Fatma did not appear until we had finished eating when she replaced the table with another and set the fire-pot before her master. For the next few minutes he devoted himself to the making of the coffee, an exceedingly delicate performance. Through the shutters of the window that gave upon the court we could see into the chamber opposite where Kalipha’s sister Eltifa and her husband had their household. A still form in white sat against the wall; the frame of the grilled window, together with the soft glow of lamplight, gave the illusion of a reliquary in which reposed a priceless figurine in amber. It was Abdallah, master tea-maker and devout student of the Koran. Several years before, we were told, he had made the pilgrimage to Kairouan on foot from Morocco. The dearest wish of his heart had been to end his days in the Holy City, and as a reward for his zeal, Allah had instilled in the populace a thirst for Abdallah’s tea, thus enabling him to settle here where he eventually married the widowed Eltifa, and was become a venerated practitioner of all illnesses brought on by the djinns.
We lounged luxuriously, it seemed we had never dined so well. ‘Is it always the men that make the meals?’ I inquired.
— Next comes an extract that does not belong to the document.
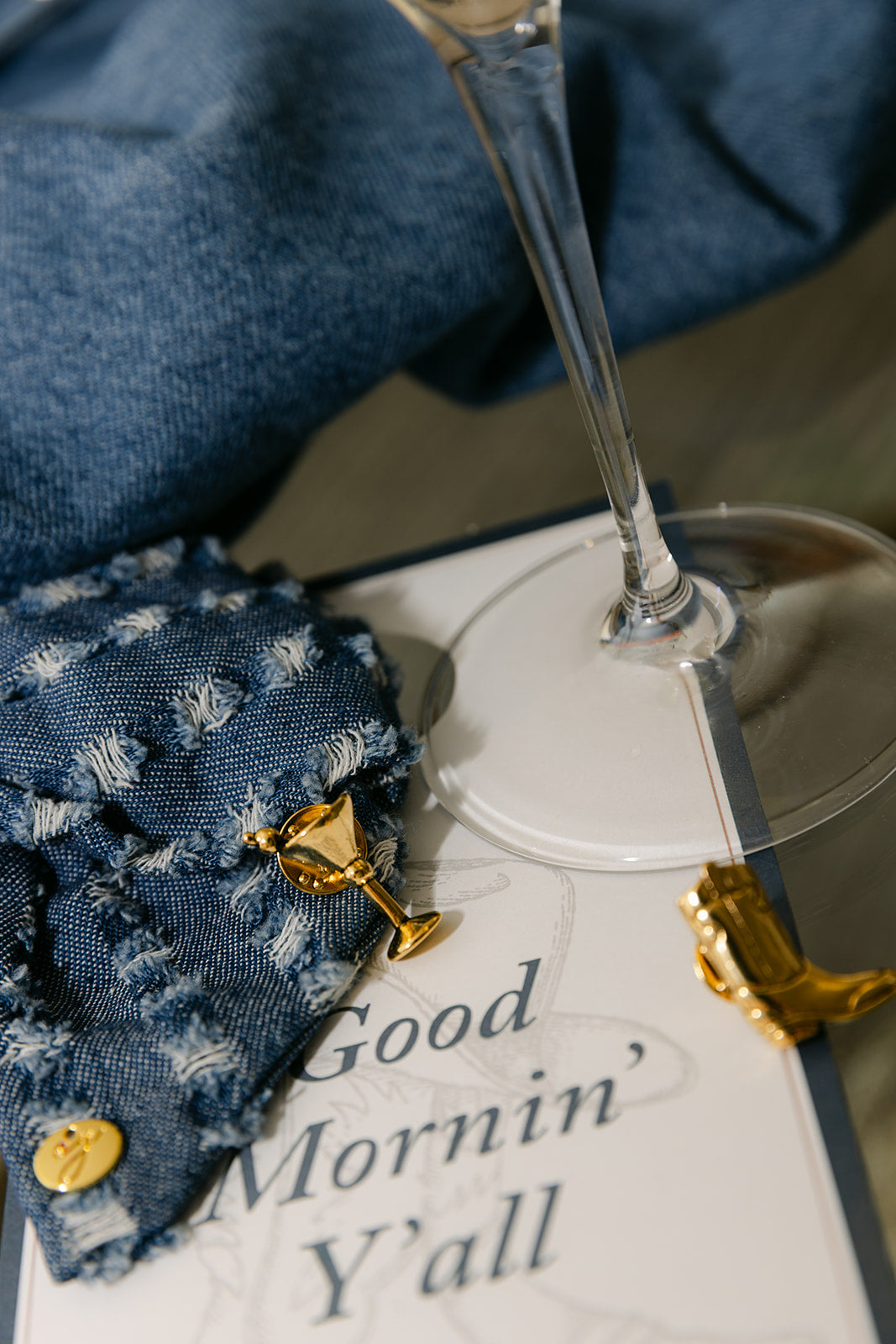 Whether you're adding it onto your denim jacket, bag, or trucker hat, this little gold martini pin is the perfect accessory.

‘Never!’ he said with scornful emphasis. While Arab men choose the bill of fare and invariably do the marketing, sometimes even superintending the preparation of a dish, they never, never demean themselves, as he did, with the cooking. But what could he do? When he divorced Hanoona, the mother of Mohammed, he had made an oath that he would never remarry. For three years he had managed with the help of his sister. It had been a foretaste of paradise, a halcyon period during which he had enjoyed all the delights of women without responsibility or bedevilment. But Eltifa, who was blind, found his celibacy more of a burden, and urged her brother to take another wife. At first he would not listen, but she kept at him, like a flea in his garments, until in desperation he charged her, ‘Search the city, only carry cotton with you wherever you go. And when they tell you that the daughter of so-and-so is a virgin with the beauty and form of the houris, stop up your ears. If, on the other hand, they tell you that she is neat, thrifty, and sober, that she can cook, clean, and weave, let her parents name their price, for though she be a divorcée and as ugly as a toad, this woman is my choice.’